Más allá de la Ilsa Lund de Casablanca (Michael Curtiz, 1942), aquella mujer vestida de azul en la memoria de Rick Blaine (Humphrey Bogart) el día que los alemanes, vestidos de gris, entraron en París mientras el mundo se desmoronaba, hubo una Ingrid Bergman maldita por un amor: el que la unió al gran Roberto Rossellini, ya con el mundo en ruinas. De poco o nada le sirvió entonces a la actriz el Oscar conseguido por Luz de gas (George Cukor, 1944), la primera de las tres estatuillas que habrían de distinguir su filmografía. Desde Hollywood hasta la iglesia luterana de Suecia —y varios sacerdotes de la católica de Estados Unidos— condenaron a la que hasta antes del escándalo había sido su favorita: la chica de Casablanca.

Desde 1947, la industria cinematográfica estadounidense se venía debatiendo entre la inquisición maccarthista. Conocida vulgarmente como “la caza de brujas”, aquellas comparecencias ante el Comité de Actividades Antiamericanas del Congreso estadounidense guardan mucha más relación con cualquiera de las constantes represiones de la política a la cultura que con la persecución a las supuestas brujas de Salem, que, entre enero de 1692 y mayo de 1693, llevó a la horca en aquella localidad de Massachusetts a quince mujeres y a cuatro hombres, mientras otra persona moría a consecuencia de la tortura durante los interrogatorios.

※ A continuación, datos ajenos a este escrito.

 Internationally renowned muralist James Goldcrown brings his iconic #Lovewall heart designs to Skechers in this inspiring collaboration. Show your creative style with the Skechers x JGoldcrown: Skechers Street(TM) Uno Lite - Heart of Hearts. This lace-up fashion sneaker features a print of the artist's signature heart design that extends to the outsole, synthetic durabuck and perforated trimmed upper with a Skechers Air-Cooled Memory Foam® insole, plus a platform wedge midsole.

"Con independencia de la represión de la política a la cultura que no puede contaminar, la inquisición maccarthista azuzó uno de los instintos más agudos y abominables de la conciencia colectiva"

No, la inquisición maccarthista, más que con aquellos juicios por brujería —tan frecuentes cuando las aún colonias británicas de América eran una de las teocracias más crueles que la historia de la humanidad recuerda— tuvo que ver con la eterna represión de la cultura, que, en aquella sazón, con Europa en ruinas tras la Segunda Guerra Mundial —digo—, se practicaba exactamente igual a ambos lados del Telón de Acero. Sin ir más lejos, en la URSS del camarada Stalin, desde los años 30 se venía persiguiendo a los artistas, escritores, intelectuales… a cualquier creador considerado “enemigo del pueblo”, con el mismo encono que los alguaciles de McCarthy se afanaban en atajar la infiltración comunista en Hollywood. Se trataba, al cabo, de una muestra más de la constante persecución de la política a esa cultura que no puede contaminar con sus “compromisos”. Una constante que bien podríamos remontar a los días de la Grecia clásica, cuando Sócrates fue condenado a beber cicuta en la antigua Atenas por “corromper a la juventud” con sus ideas.

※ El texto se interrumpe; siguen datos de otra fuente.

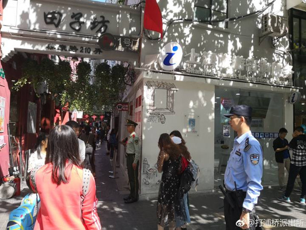 圖說:針對田子坊大客流,黃浦警方適時開啟限流模式。 黃埔警方 供圖
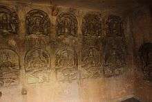 Navamuni Gumpha is a roughly cut cell with the sculptures of nine Jain Tirthankaras and Sasana Devis.

En fin, con independencia de la represión de la política a la cultura que no puede contaminar, la inquisición maccarthista azuzó uno de los instintos más agudos y abominables de la conciencia colectiva: ese fuenteovejunismo que lleva a las masas, convenientemente abducidas y pastoreadas por sus líderes —ora políticos, ora religiosos— a condenar a una sola persona por lo que se tercie. A veces la condena es solo en efigie; las más, el infeliz acaba colgando de una rama del árbol más alto del pueblo. Pueblo que, debemos recordar, tuvo su mejor circo en las ejecuciones que, para su deleite, la justicia de las sociedades occidentales llevó a cabo en la plaza pública hasta las postrimerías del siglo XIX.

"El neorrealismo italiano gustó mucho menos de lo que parece según el capítulo que, con la debida ponderación, le dedica cualquier historia del cine que merezca el nombre"

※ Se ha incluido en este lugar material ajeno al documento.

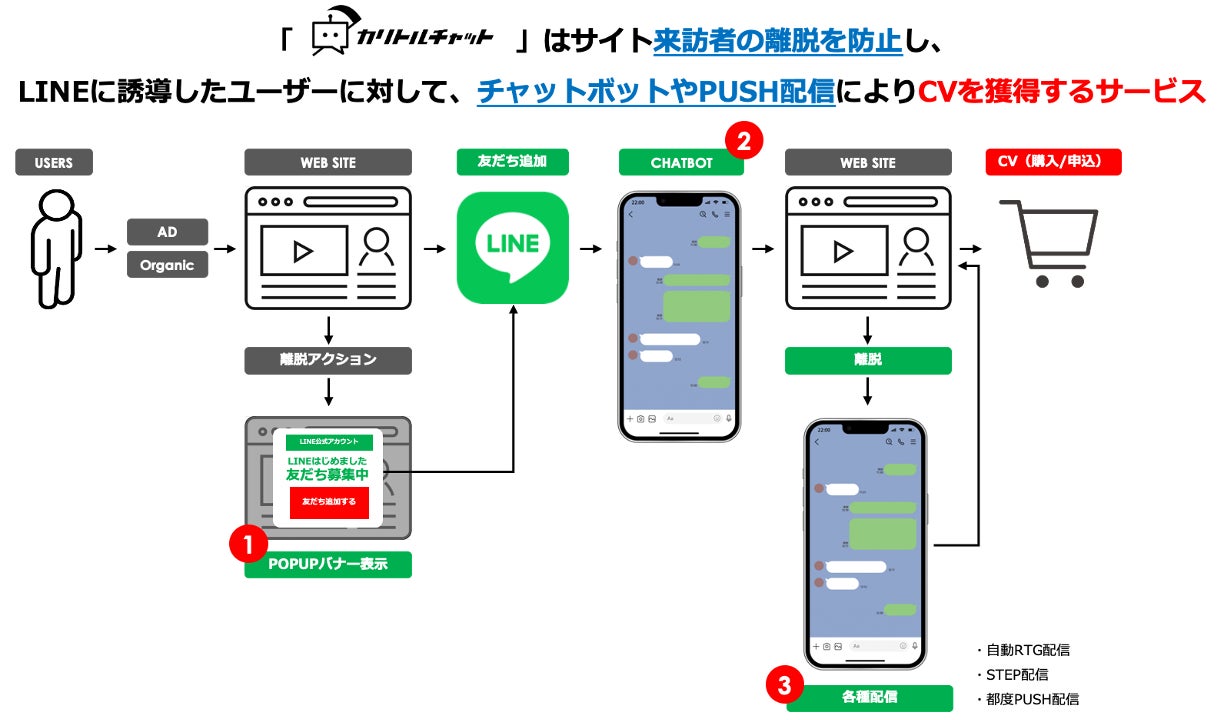 「カリトルチャット」は、LINE公式アカウントを活用して、サイト離脱を防ぐバナーを訪問者の離脱タイミングで掲示し、LINE公式アカウントへの誘導を行います。誘導後、当社が企画・設計・制作したチャットボットが接客を行い、訪問者のサービス理解を深め、態度変容を促進することで、成果へと導きます。

Con todo, puede que sí, que lo de Ingrid Bergman, aunque pivotando sobre la histeria colectiva desatada por la inquisición maccarthista —cuyas vistas se televisaban y radiaban convenientemente—, estuviese más cerca de los innumerables juicios por brujería (que las sociedades occidentales venían celebrando desde la noche de los tiempos) que de la suerte de los investigados por el Comité de Actividades Antiamericanas. De hecho, cuando se supo que la actriz se había quedado embarazada del gran Rossellini durante el rodaje de Stromboli, tierra de Dios (1950), la primera de sus colaboraciones —mientras su hija, Pia Lindström, y su primer marido, el neurocirujano Petter Lindström, la esperaban en su casa en Beverly Hills— no faltaron quienes pidieron para ella la purificación del fuego.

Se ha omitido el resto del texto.